Box office 2015 dati Cinetel: Grazie a Checco Zalone il cinema italiano decolla

Solo che con salone poteva rialzare l’economia del cinema italiano facendo partire positivamente l’anno 2016. Stando ai dati forniti dal Cinetl, infatti, “L’incremento del numero di spettatori in sala è un dato molto importante. Ma il dato che riguarda il cinema italiano non è positivo perché c’è un calo che prosegue dal 2013” ha denunciato Riccardo Tozzi.

Crescono le presenze totali in sala, con 99.362.667 biglietti venduti (+8,56% rispetto al 2014) e gli incassi, 637.265.704 euro, con un incremento del 10,78% rispetto all’anno scorso.

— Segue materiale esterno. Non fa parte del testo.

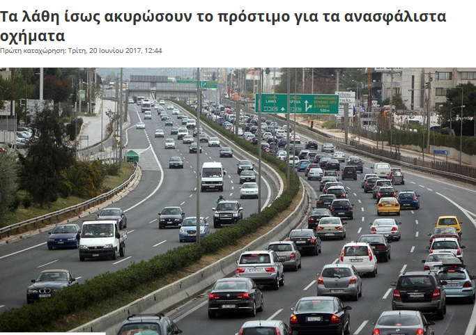 Σήμερα αναμένεται να ληφθούν οι αποφάσεις των συναρμόδιων Υπουργείων Οικονομικών και Μεταφορών για τα περίπου 1.150.000 ανασφάλιστα οχήματα που τέθηκαν στο μικροσκόπιο των ελεγκτικών αρχώνΟι κ.κ. Ευκλείδης Τσακαλώτος και Χρήστος Σπίρτζης έχουν να αντιμετωπίσουν ωστόσο ένα δύσκολο έργο, καθώς πρέπει να λάβουν τελικές αποφάσεις σχετικά με 250.000 τουλάχιστον λανθασμένα ειδοποιητήρια που εστάλησαν στους ιδιοκτήτες και τους καλούν να καταβάλουν ηλεκτρονικό παράβολο 250 ευρώ.

Quella che però diminuisce è la quota di mercato del cinema italiano: nel 2015 è del 21,35% in termini di presenze rispetto al 27,76% del 2014 contro quella statunitense che al contrario è passata dal 49,65% del 2014 al 60,01% del 2015.

E poi c’è lui, Checco Zalone, che stando sempre ai dati Cinetel dal 1 al 17 gennaio si sono registrati 14,9 milioni di biglietti staccati (+52,59% rispetto al 2015) e si sono incassati 103,5 milioni di euro (+57,47% rispetto al 2015). Numeri sui quali ha pesato il successo di “Quo vado?” di Checco Zalone, che finora ha registrato da solo 8.376.705 presenze e ha incassato oltre 59 milioni di euro. Insomma “Checco santo subito” è proprio il caso di dire. Per il pubblico certamente sì ma per la critica snob forse una bestemmia.